New model helps reduce cost of flooding on railways
Flooding is a major contributor to rail delays with huge cost implications. 2012/13 was the second wettest year in the UK national record and resulted in significant disruption to rail services and infrastructure. Some £136 million in compensation was paid to train operators in consideration of unplanned delays and cancellations in that year.
Using information on previous flooding events provided by Network Rail, who commissioned the research, combined with data on environmental factors such as meteorology, soil hydrology, land use and surface water run-off, the team were able to develop a flood risk model that enables Network Rail to predict more accurately potential risk areas in the future.
The model uses an analytical technique called CART, or 'Classification and Regression Tree', to collate the different model inputs. A web portal and 3D visualisation system was further developed for Network Rail engineers to draw on all of the model outputs, and allow access to flood risk profiles, flooding alerts and other data.

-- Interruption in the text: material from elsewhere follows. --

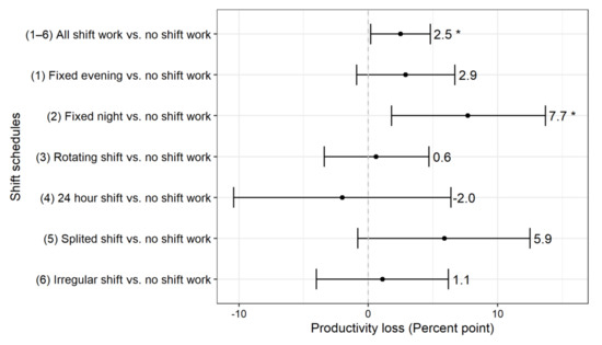 Adjusted differences in work productivity impairment according to shift work schedules; * p-value < 0.05.
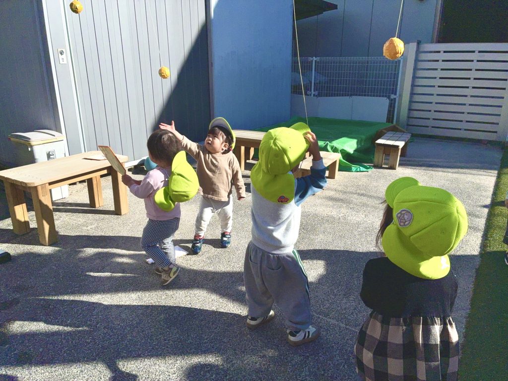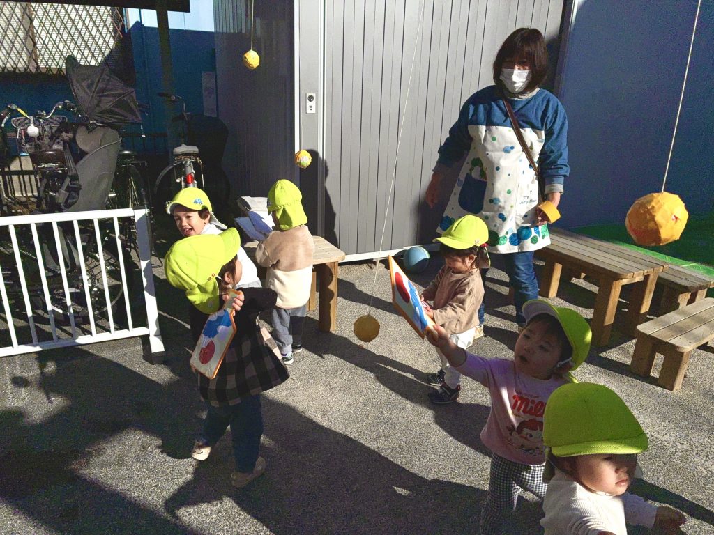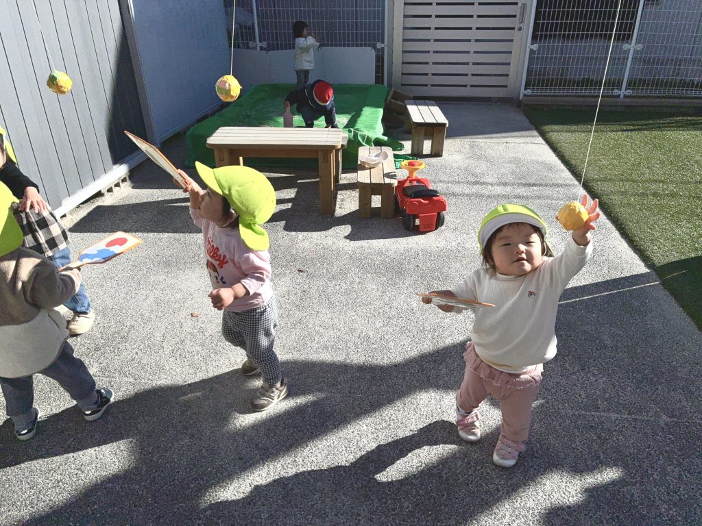 初めはやり方が分からなかったり、なかなか当たらなかったりしていた子も、友だちと一緒に何度も挑戦しながら遊ぶ中でわかるようになり、今では上手に球に板を当てることができています!

Jon Drea, Head of Analysis and Reporting at Network Rail said: "The extreme weather we faced earlier in the year presented significant challenges in trying to keep trains running. We worked with Cranfield students to develop ways in which we could turn information about our assets into valuable intelligence that would allow front line staff to understand the risk of flooding across the network. I was really impressed with the level of knowledge the students brought to the project. I was equally impressed with their drive and determination to deliver an excellent project to me as their client."
Dr Stephen Hallett, who led the project for Cranfield University, said: "This project has provided Network Rail with a powerful methodology for undertaking integrated flood risk assessment, which could now potentially be extended to other parts of the network beyond the case study areas, as well as to other types of incident (for example, landslips or embankment failures). Overall, the techniques and tools developed during this project could contribute usefully to managing the rail network and related national critical infrastructure."